Monday, October 24, 2016

The Benefits of Longer Visit Durations

In terms of web metrics, visit duration refers to the amount of time a visitor spends at a domain. As an aggregated metric, it can refer to the average visit duration of all visitors. This type of metric belong to the "visit characterization" family of metrics, which help site operators better understand the trends and behaviors of visitors while at the domain.
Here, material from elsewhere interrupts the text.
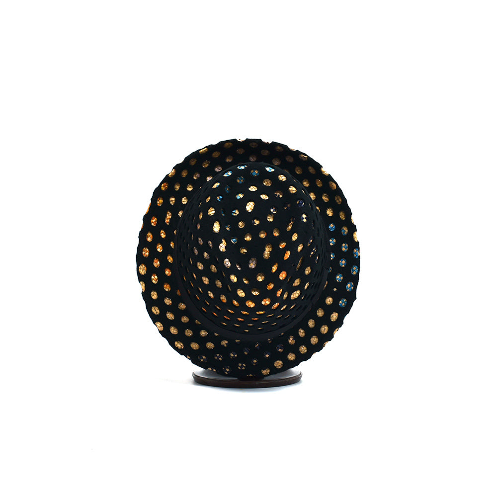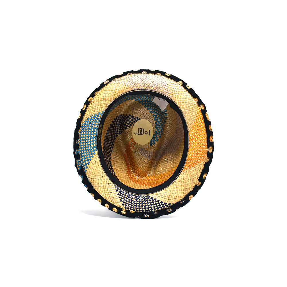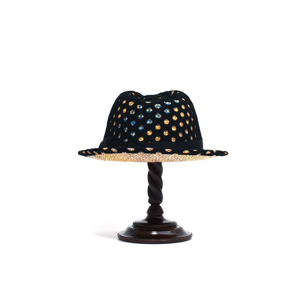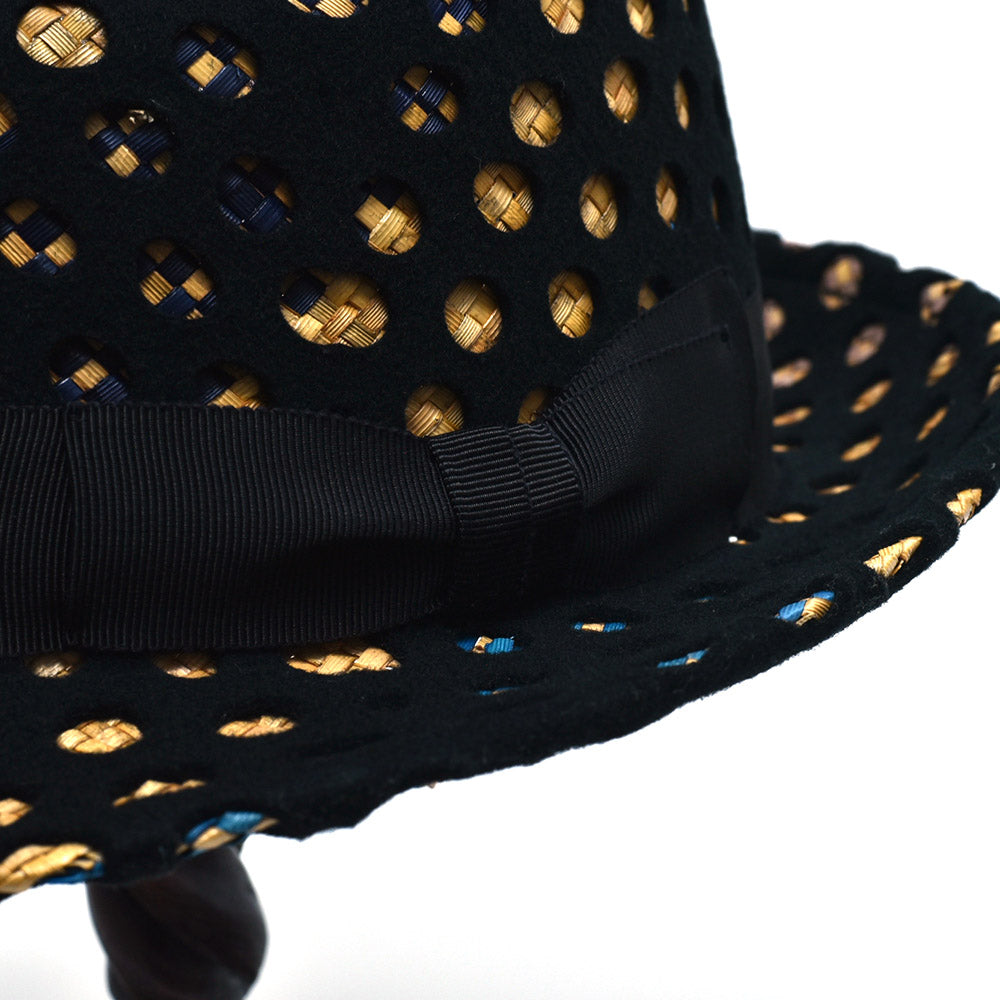 5 色に染めたパンダン草をオリジナル柄に手編みした先染め帽体の上へパンチング加工したフェルト帽体を重ねた他にはない中折れハット。

While page visits, impressions, total visits, and unique visitors are metrics that often receive a great deal of attention, visit duration has the capability to tell the domain operator things other metrics cannot. The aforementioned metrics can be more direct in telling the story of how much notice a web campaign received, but not necessarily in measuring the impact and success of a message and its ability to capture the visitor's attention and interest. Additionally, impressions and visits do not necessarily correlate to conversions, which might be defined as email or SMS subscriptions, social media shares, or number of purchases. Long visit duration alone does not guarantee conversions, but tends to positively correspond with more engagement, more link interaction, and more repeat visits and frequency.
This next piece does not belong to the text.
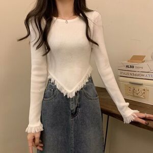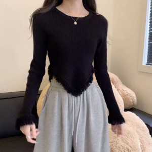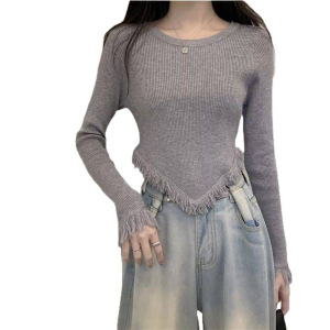 秋冬季设计圆领流苏不规则长袖T恤女修身百搭洋气外穿秋秋内搭女

Yaro Starak analyzed the value of visit duration in an entry to his marketing website, Entrepreneur's Journey. According to Starak, creating engagement content and facilitating community building are key ways to increase visit duration. This can be done by simply adding more content (which can include articles, supplementary information, how-tos, customer testimonials, etc). Additionally, creating visitor forums can be a good way to build site loyalty and boost favorable metrics. Some great examples of tactics to increase visit duration include news websites creating live streamed events, Youtube's investment in algorithmic "selected for you" videos and suggesting similar content, or even Amazon's "other visitors also viewed" product recommendations. In the eyes of the visitor, these advents save them time and effort - but they can also increase their visit duration on your domain and discourage "bounces."
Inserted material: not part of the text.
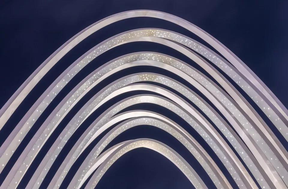創新一方由四季之門、橢圓形音樂旱泉廣場和地形草坡組成。象征一年四季,安居樂業的四季之門藝術品雕塑是城市一道靚麗的風景線,夏日霧森降溫,夜間位于頂部內側的星光燈點亮雕塑,與音樂旱泉一同為城市注入活力。

Despite the helpfulness of the visit duration metric, it needs to be understood as a supplement to other metrics. As noted by the marketing source group, Wholewhale, a long visit duration might mean that visitors are having technical difficulties with your website. If this isolated to mobile visitors, it could mean that your site is not well adapted to mobile browsers and is frustrating visitors. Long visit duration, but low conversions, recency, or frequency (of visits) should signal to a domain operator that they are not reaping metric rewards from long visit duration, and there may be other problems standing in the way.


Some supplementary metrics to look at include page visit time (so that the pages visitors linger on can be enhanced, replicated, or if needed, repaired) and page views per visit. These metrics could help the domain operator identify their successful content and modify their site to showcase their most popular, longest viewed, and most revisited content. Recency and frequency can also be considered as metrics related to the helpfulness, popularity, and success of web content.


So, summarily, visit duration is a small piece of the picture, but it has the potential to highlight a domain's strengths or weaknesses. If an organization's goal with their web presence is to build an online community and foster engagement and loyalty, visit duration can be a great supplementary metric for gauging the desirability of their content and how well it fulfills the needs and wants of visitors.